• _WHAT THE TASK ASKS_:
Find the line that contains "This steering wheel"; please output it and each line after it, exactly as shown, up to the end of the entries below, skipping pictures.

[Items from a dataset]
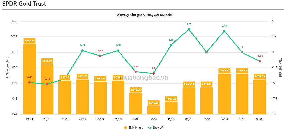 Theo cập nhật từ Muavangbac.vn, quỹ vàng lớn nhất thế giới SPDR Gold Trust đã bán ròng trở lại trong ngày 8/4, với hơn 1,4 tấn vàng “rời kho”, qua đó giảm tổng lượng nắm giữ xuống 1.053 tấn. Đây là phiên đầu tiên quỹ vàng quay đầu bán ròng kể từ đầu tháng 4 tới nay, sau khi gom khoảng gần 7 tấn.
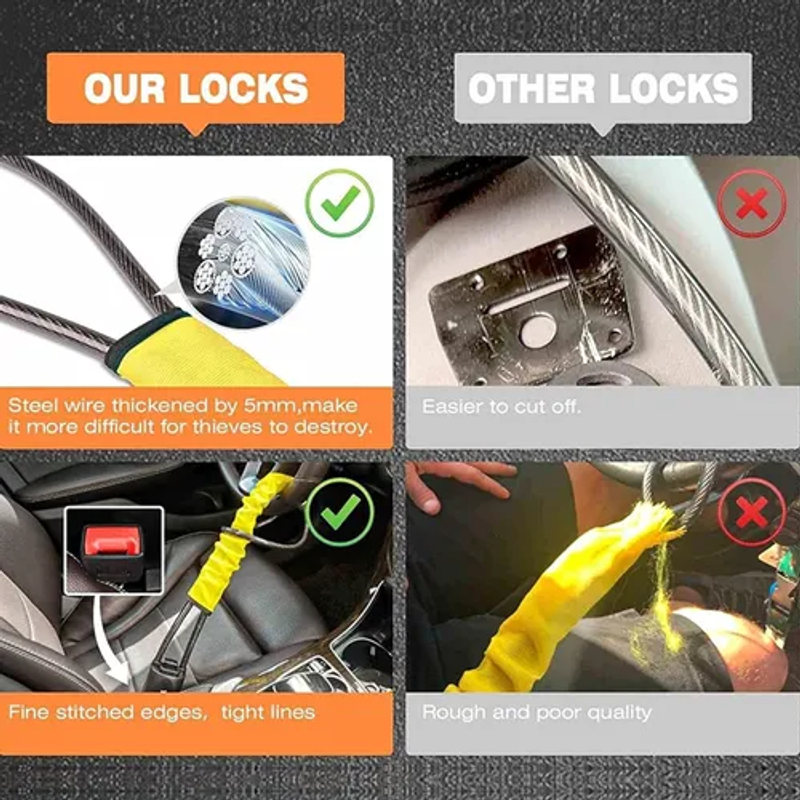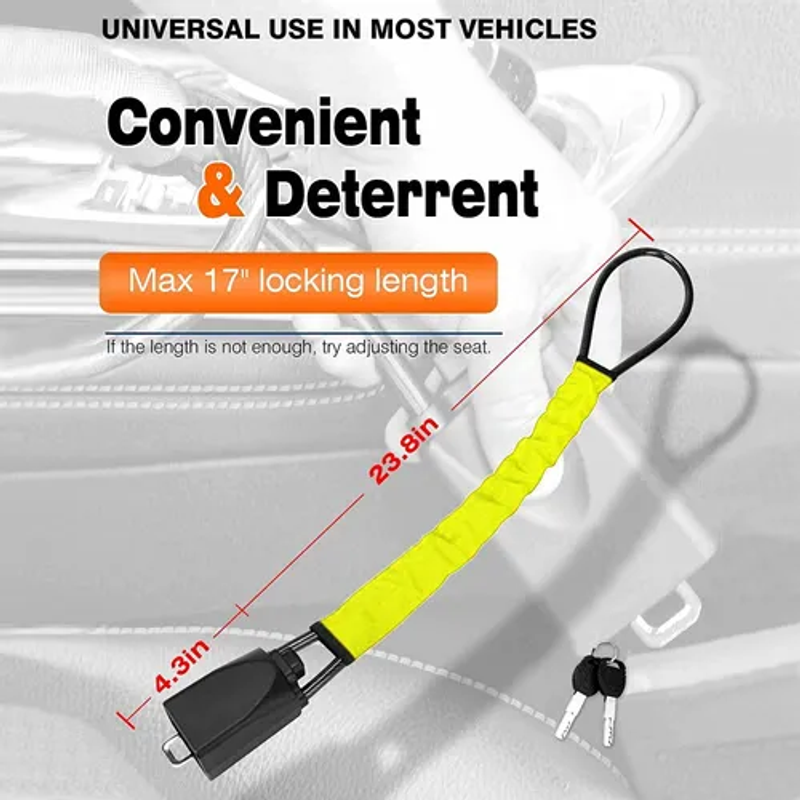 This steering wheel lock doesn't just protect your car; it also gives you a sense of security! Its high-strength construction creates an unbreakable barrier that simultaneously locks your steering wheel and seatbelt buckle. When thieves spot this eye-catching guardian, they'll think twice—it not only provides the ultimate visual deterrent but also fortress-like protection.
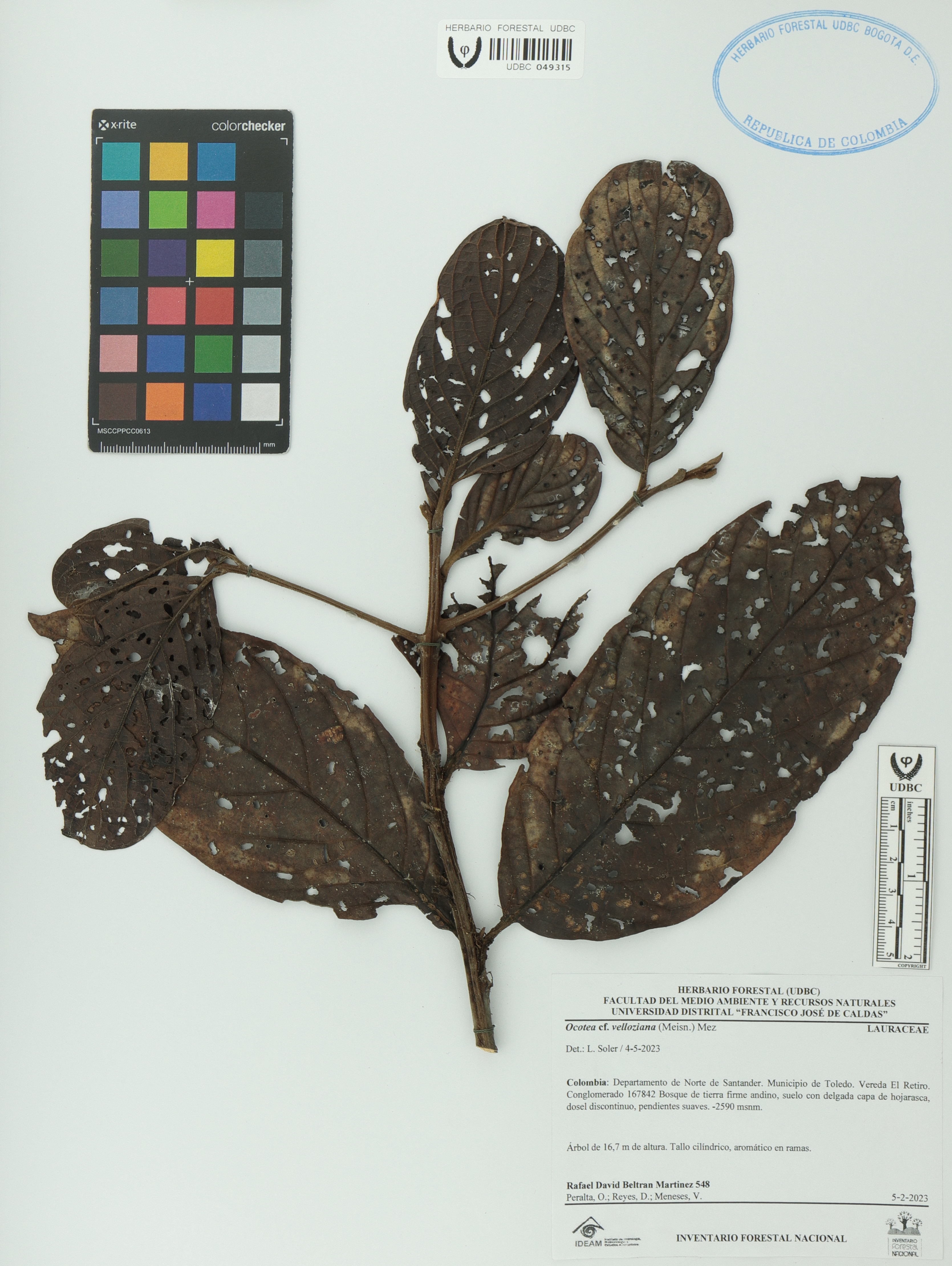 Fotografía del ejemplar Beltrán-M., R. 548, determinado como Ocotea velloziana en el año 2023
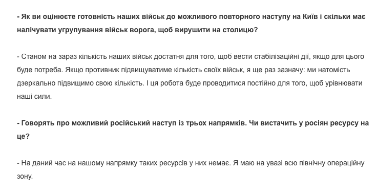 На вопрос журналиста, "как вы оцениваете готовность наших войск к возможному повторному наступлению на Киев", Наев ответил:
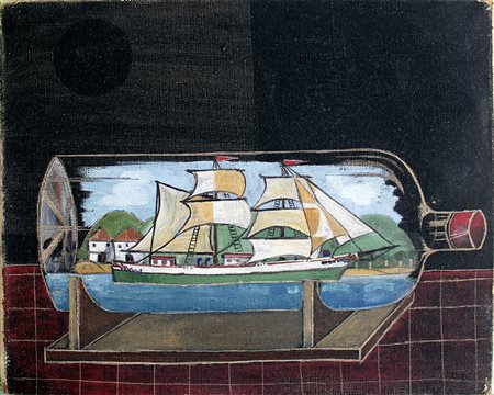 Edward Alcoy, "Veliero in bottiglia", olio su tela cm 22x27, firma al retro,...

• _WRITTEN RESPONSE_:
 This steering wheel lock doesn't just protect your car; it also gives you a sense of security! Its high-strength construction creates an unbreakable barrier that simultaneously locks your steering wheel and seatbelt buckle. When thieves spot this eye-catching guardian, they'll think twice—it not only provides the ultimate visual deterrent but also fortress-like protection.
 Fotografía del ejemplar Beltrán-M., R. 548, determinado como Ocotea velloziana en el año 2023
 На вопрос журналиста, "как вы оцениваете готовность наших войск к возможному повторному наступлению на Киев", Наев ответил:
 Edward Alcoy, "Veliero in bottiglia", olio su tela cm 22x27, firma al retro,...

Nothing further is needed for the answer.